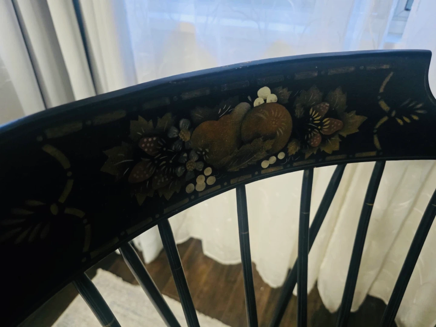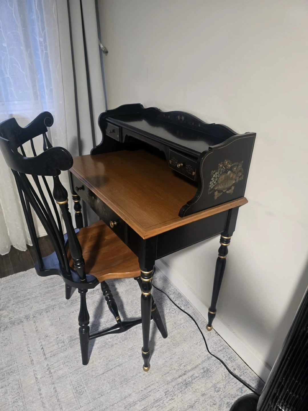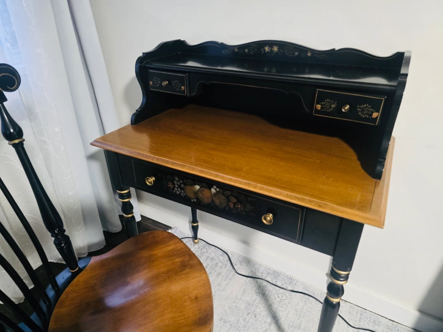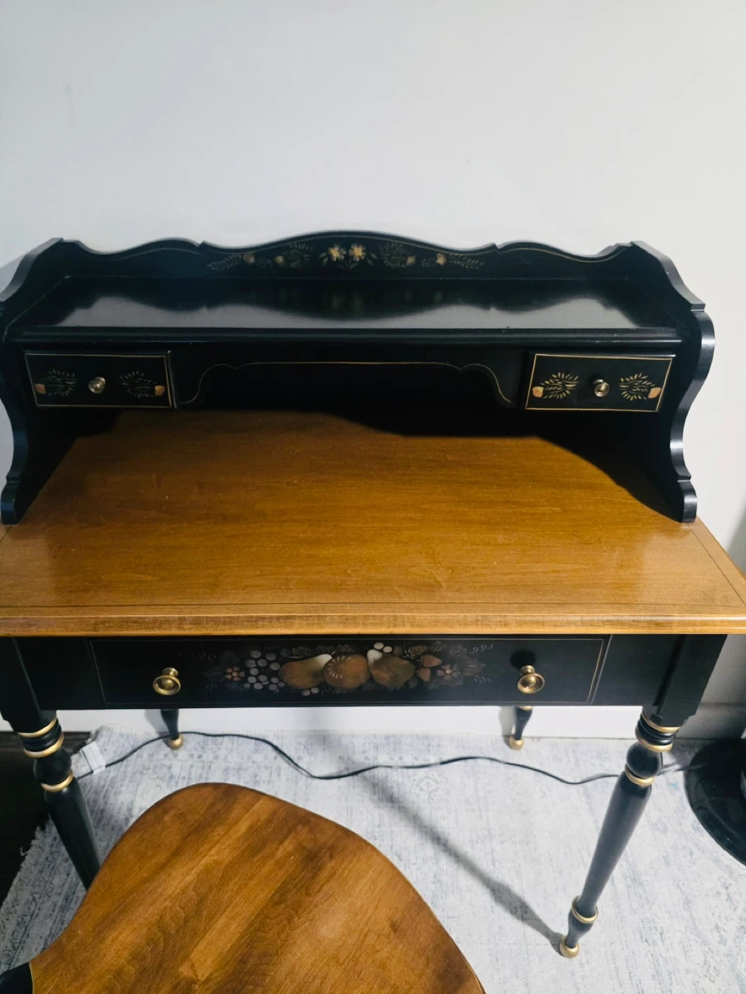A refined vintage writing desk with matching chair, featuring hand-painted decorative details, a rich black finish, and warm wood surfaces. This is a beautifully proportioned, character-filled piece that elevates any thoughtfully designed space.
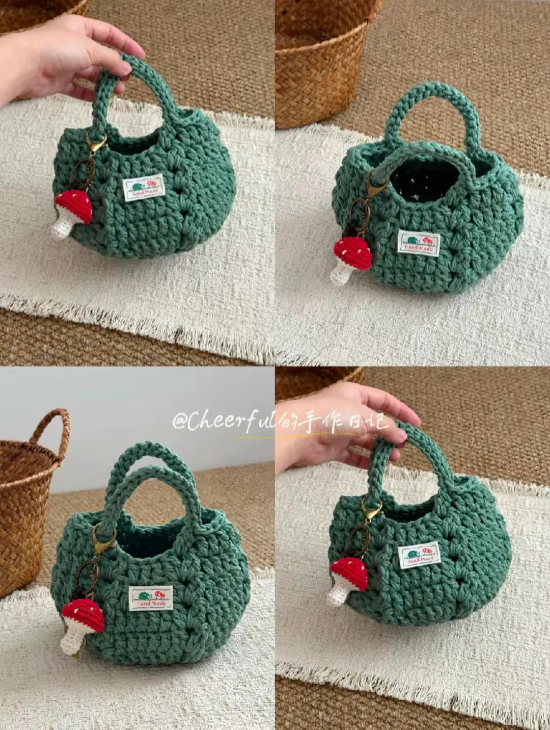 Chic Crochet Handbag with Mushroom Keychain Accent
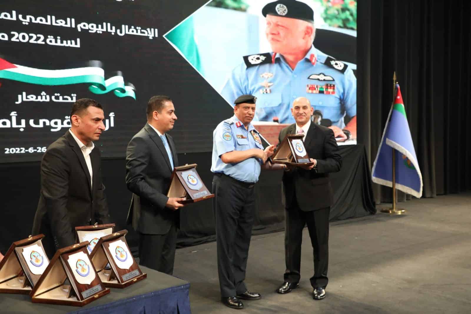 ونظمت مديرية الأمن العام الاحتفال بمشاركة عدد من الشركاء الاستراتيجيين من المؤسسات الوطنية، والفعاليات الشعبية ، مظهرين تكاتف المجتمع الأردني ودعمه لجهود إدارة مكافحة المخدرات في محاربة هذه الافة وحماية المجتمع من اثارها المدمرة .
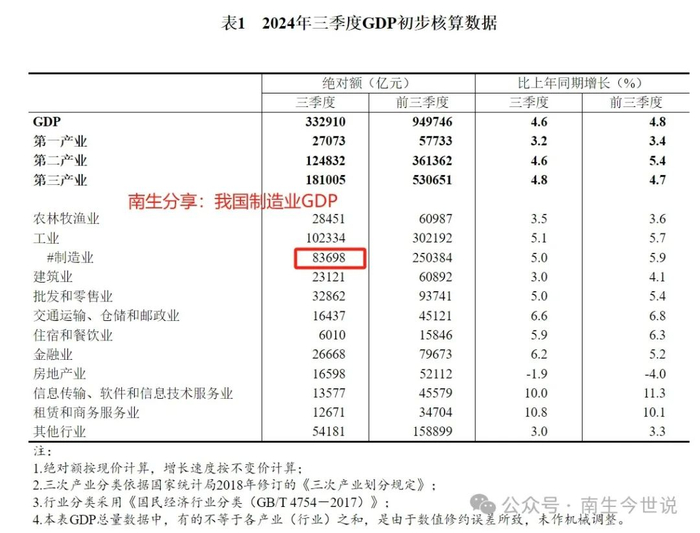 以中国国家统计局公开的数据为准,今年第三季度的GDP总规模为332910亿元人民币,制造业创造的行业GDP为83698亿元人民币(如下图),占比25.14%,远超美国。
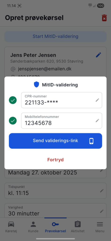 En banebrydende nyhed i denne version er muligheden for at validere dine kunder via MitID under oprettelse af prøvekørsler. Dette tiltag er udviklet for at øge sikkerheden og beskytte mod tyveri af demobiler, hvor kunden forsøger at bruge et falsk eller stjålet kørekort. Med et enkelt klik kan du sende et link til kundens mobil, som åbner MitID og gennemfører valideringen – en nem og effektiv måde at sikre identiteten på. Prisen for hver validering er 5,0 kroner, og vi håber, at denne funktion vil give både tryghed og ro i maven.
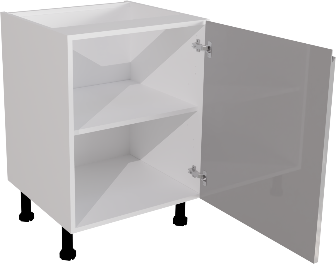 This is a 600mm handleless supergloss light grey kitchen cabinet. It is a 600mm flat packed kitchen cabinet with a 600mm supergloss light grey jayline style kitchen door. This listing includes the following parts:
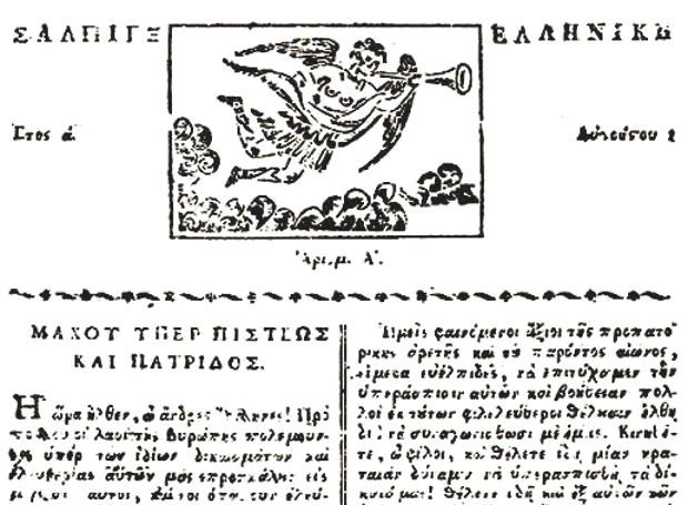 Ως πρώτη επίσημη Ελληνική εφημερίδα χαρακτηρίζεται η "Σάλπιγξ Ελληνική" του Ιωάννη Τόμπρου
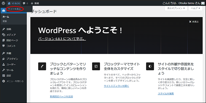 画面左上、サイトのタイトルをクリックし「サイトを表示」をクリックします。
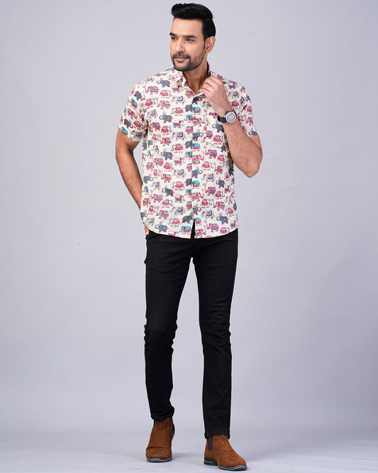 Men's Elephant Multi Color Printed Half-Sleeves shirts
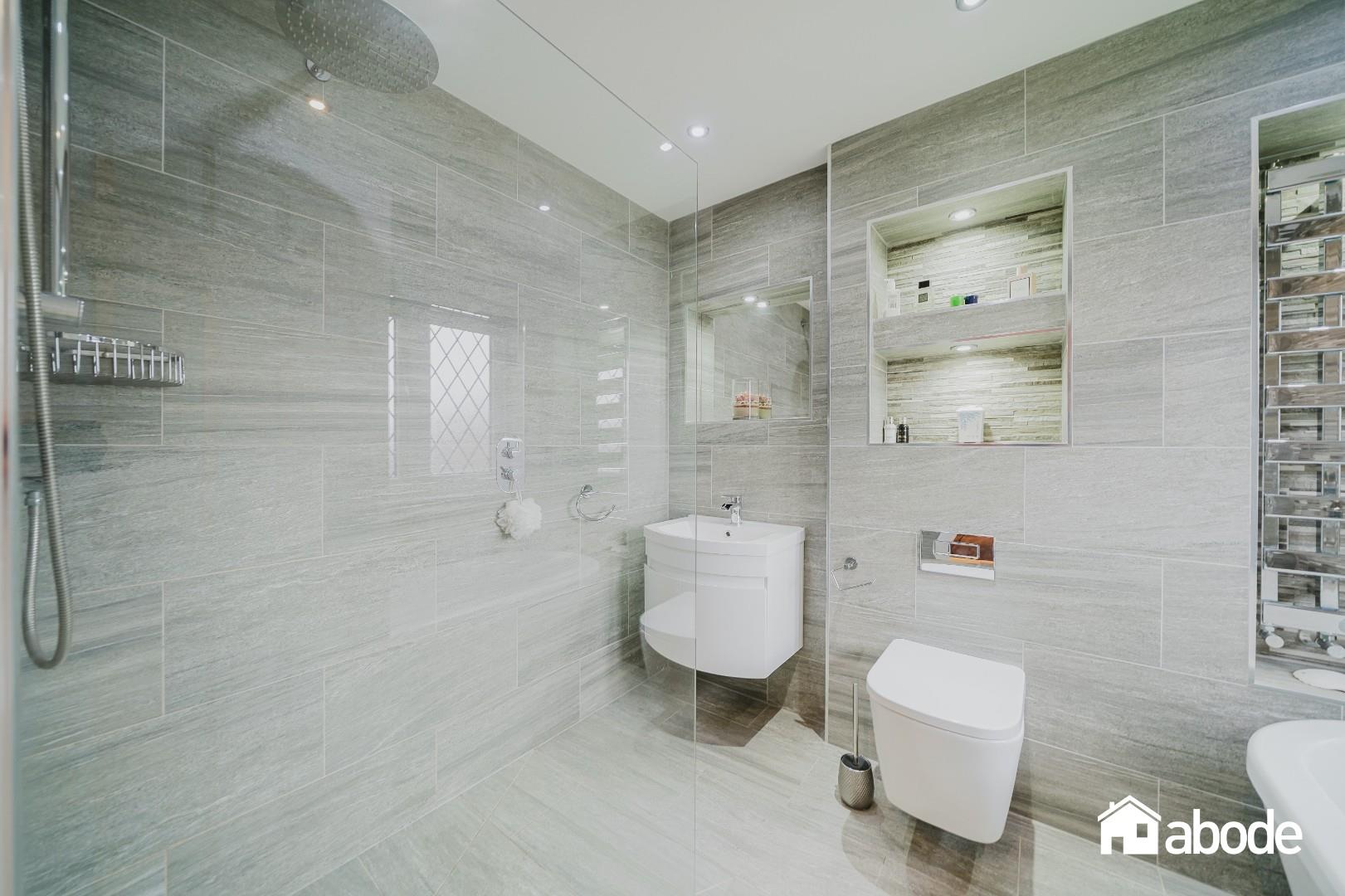 To the first floor, there are three well proportioned bedrooms. Bedroom three was originally configured as two separate rooms and could easily be reinstated, offering flexibility for those requiring an additional bedroom or home office. Bedroom two enjoys a stylish en-suite shower room, while the impressive primary suite features a luxurious en-suite bathroom complete with freestanding bath, four piece suite and walk in wardrobe. A contemporary family bathroom completes this level.
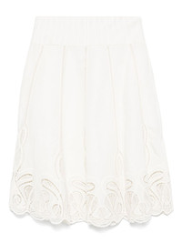 embroidered midi skirt Highlights - White - Concealed side zip fastening - Two side inset pockets - Flared hem Imported Composition Lining: Cotton 100% Outer: Linen/Flax 55%, Viscose 45%
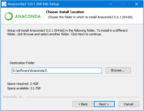 第五步:选择安装位置(D:softwareAnaconda3),如下图所示 -
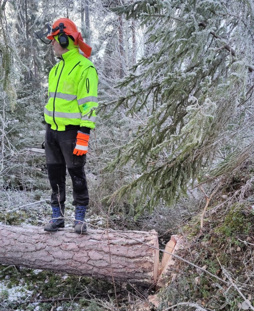 Hoidan nurmikonleikkuut, haravoinnit ja lumityöt. Metsäpuolella teen taimikonhoitoa ja siivoan esimerkiksi myrskypuut. Käytössä on mönkijä ja tukkikärry, jolla saadaan puut pois ahtaistakin paikoista jälkiä jättämättä.
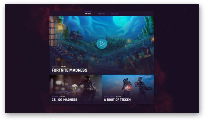The amazing stream box and stream list elements that come with Overworld let you share videos of your gaming power moves, complete with a one-click streaming platform switch.
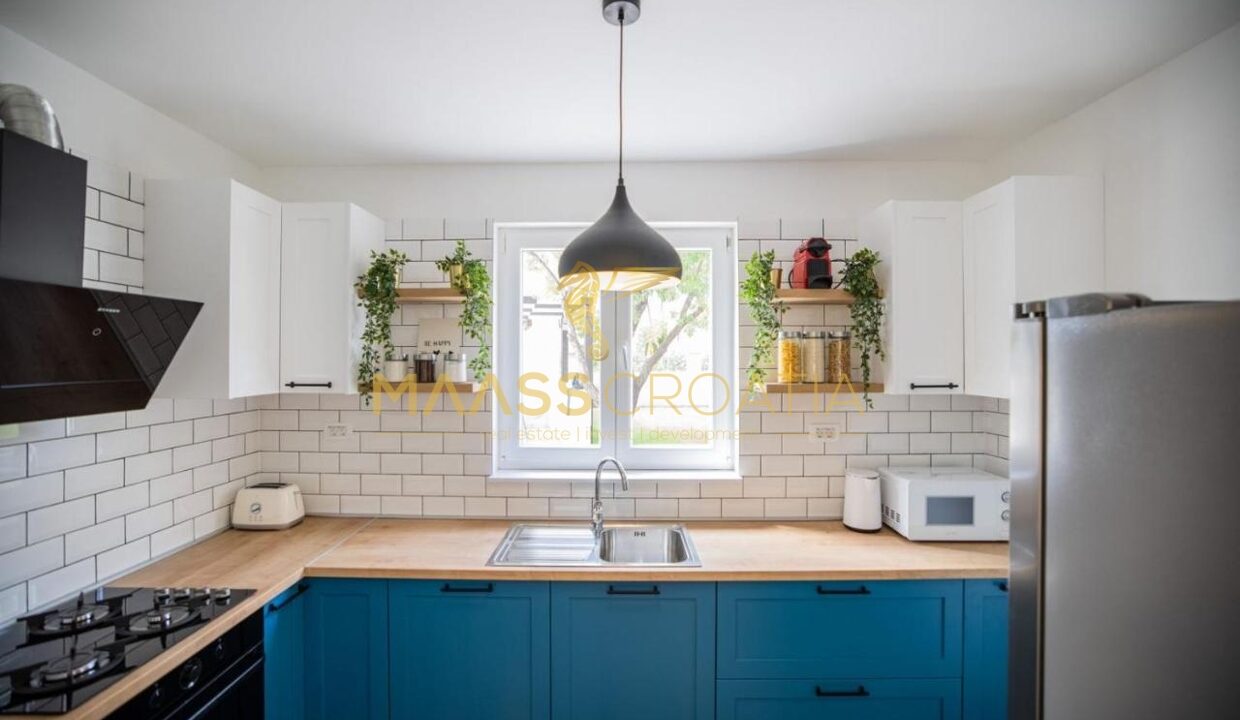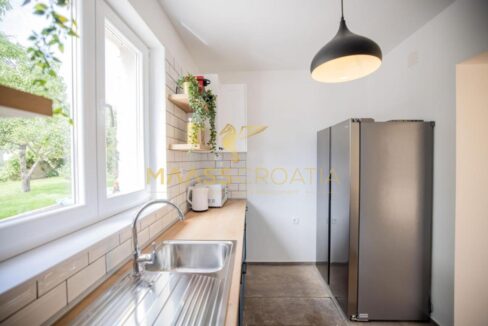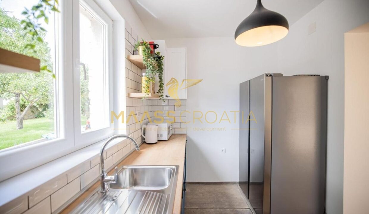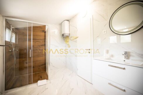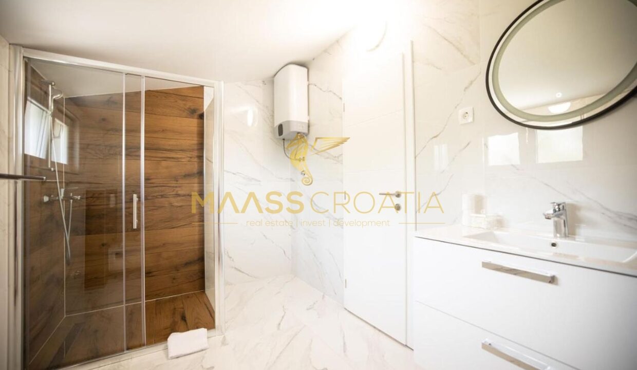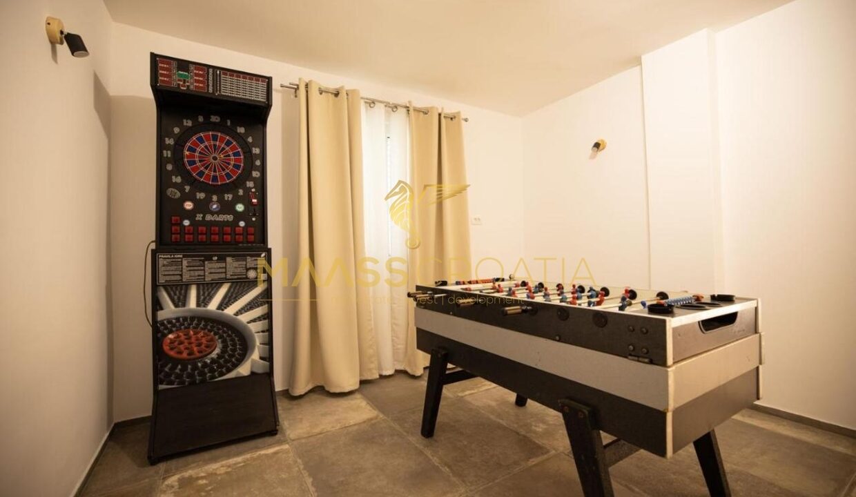 Перед виллой находится открытый бассейн с подогревом, шезлонгами и зонтиками, большое джакузи на 5 человек, зона для барбекю и уютный стол на 10 человек. Вилла расположена на полностью огороженном участке площадью 575 м² с высотой забора 130-180 см и зеленой зоной с различными породами деревьев и другими деталями, такими как камень Бенковац.

■ **EXERCISE**
The result should be the same data as above, line for line, with the pictures gone.

■ **SOLUTION**
A refined vintage writing desk with matching chair, featuring hand-painted decorative details, a rich black finish, and warm wood surfaces. This is a beautifully proportioned, character-filled piece that elevates any thoughtfully designed space.
 Chic Crochet Handbag with Mushroom Keychain Accent
 ونظمت مديرية الأمن العام الاحتفال بمشاركة عدد من الشركاء الاستراتيجيين من المؤسسات الوطنية، والفعاليات الشعبية ، مظهرين تكاتف المجتمع الأردني ودعمه لجهود إدارة مكافحة المخدرات في محاربة هذه الافة وحماية المجتمع من اثارها المدمرة .
 以中国国家统计局公开的数据为准,今年第三季度的GDP总规模为332910亿元人民币,制造业创造的行业GDP为83698亿元人民币(如下图),占比25.14%,远超美国。
 En banebrydende nyhed i denne version er muligheden for at validere dine kunder via MitID under oprettelse af prøvekørsler. Dette tiltag er udviklet for at øge sikkerheden og beskytte mod tyveri af demobiler, hvor kunden forsøger at bruge et falsk eller stjålet kørekort. Med et enkelt klik kan du sende et link til kundens mobil, som åbner MitID og gennemfører valideringen – en nem og effektiv måde at sikre identiteten på. Prisen for hver validering er 5,0 kroner, og vi håber, at denne funktion vil give både tryghed og ro i maven.
 This is a 600mm handleless supergloss light grey kitchen cabinet. It is a 600mm flat packed kitchen cabinet with a 600mm supergloss light grey jayline style kitchen door. This listing includes the following parts:
 Ως πρώτη επίσημη Ελληνική εφημερίδα χαρακτηρίζεται η "Σάλπιγξ Ελληνική" του Ιωάννη Τόμπρου
 画面左上、サイトのタイトルをクリックし「サイトを表示」をクリックします。
 Men's Elephant Multi Color Printed Half-Sleeves shirts
 To the first floor, there are three well proportioned bedrooms. Bedroom three was originally configured as two separate rooms and could easily be reinstated, offering flexibility for those requiring an additional bedroom or home office. Bedroom two enjoys a stylish en-suite shower room, while the impressive primary suite features a luxurious en-suite bathroom complete with freestanding bath, four piece suite and walk in wardrobe. A contemporary family bathroom completes this level.
 embroidered midi skirt Highlights - White - Concealed side zip fastening - Two side inset pockets - Flared hem Imported Composition Lining: Cotton 100% Outer: Linen/Flax 55%, Viscose 45%
 第五步:选择安装位置(D:softwareAnaconda3),如下图所示 -
 Hoidan nurmikonleikkuut, haravoinnit ja lumityöt. Metsäpuolella teen taimikonhoitoa ja siivoan esimerkiksi myrskypuut. Käytössä on mönkijä ja tukkikärry, jolla saadaan puut pois ahtaistakin paikoista jälkiä jättämättä.
The amazing stream box and stream list elements that come with Overworld let you share videos of your gaming power moves, complete with a one-click streaming platform switch.
 Перед виллой находится открытый бассейн с подогревом, шезлонгами и зонтиками, большое джакузи на 5 человек, зона для барбекю и уютный стол на 10 человек. Вилла расположена на полностью огороженном участке площадью 575 м² с высотой забора 130-180 см и зеленой зоной с различными породами деревьев и другими деталями, такими как камень Бенковац.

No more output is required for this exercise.